Enterprise Mobility:
During the last 5 years, the mobile landscape has been swept by change. While telecommunications providers have been investing in faster networks to support multimedia and data services, falling prices and shrinking components have put significant power into affordable devices that slip comfortably into a pocket.
Beyond enabling an increasingly mobile workforce with basic enterprise mobility functions such as email and calendar synchronization, however, enterprises have been slow to capitalize on these advancements. Although enterprise mobility remains in the nascent stages, traditional arguments against deploying mobile applications – cost, performance, management and security – have largely been countered by mobile platforms that make unshackling your enterprise applications surprisingly easy and cost effective.
In this paper, two case studies illustrate different approaches to unlocking the value of existing investments through enterprise mobilization. Each case study provides an overview of an application we mobilized, identifies the characteristics that made the application a good candidate and explains the value realized by enabling access to these applications from mobile devices. The paper concludes with some lessons learned and steps you can take to bring similar value into your organization.
Opportunity Awaits
Since the enterprise mobile telephone was first introduced, network effects and wireless deployment costs vis-àvis traditional wire-line networks have propelled global adoption of cellular technologies along an exponential growth curve. The high cost and bulky nature of early phones often relegated them to the province of the elite. The evolution of computing and communications technology eventually drove down prices, putting corporate-sponsored phones in the hands of knowledge workers beyond the Fortune 500 executives alone. Sales, Service, or Technical workers in companies large and small alike began enjoying access to the earliest of mobile devices, the cell phone.
Enterprise mobility and mobile services evolved rapidly as the networks became more robust and advanced. Although early phones were limited to analog voice service, the introduction of digital cellular networks in the early 90s paved the way for services such as the Short Messaging System (SMS). The following decade saw SMS traffic explode. In 2006, global SMS traffic is expected to exceed one trillion messages and contribute $55 billion to carrier revenues.

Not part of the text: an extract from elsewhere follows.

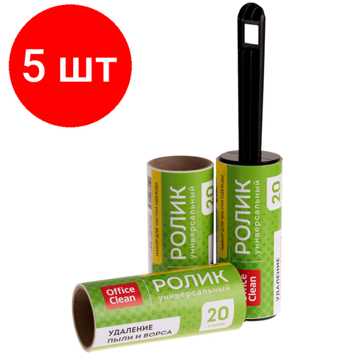 Комплект 5 шт, Ролик для чистки одежды OfficeClean, 5.6м, 20 слоев + 2 сменных блока 5.6м, европодвес

The number of workers with mobile access to corporate email has grown wildly as enterprise mobile email platforms such as Good Mobile Messaging have become broadly available and priced within reach of many tiers of workers below the executive ranks. With carrier introductions of HSDPA and EVDO, network speeds continue to increase dramatically, providing broadband-like access to a mobile device that now shares more functionality with a laptop than it does the pager-style, text-centric device it evolved from.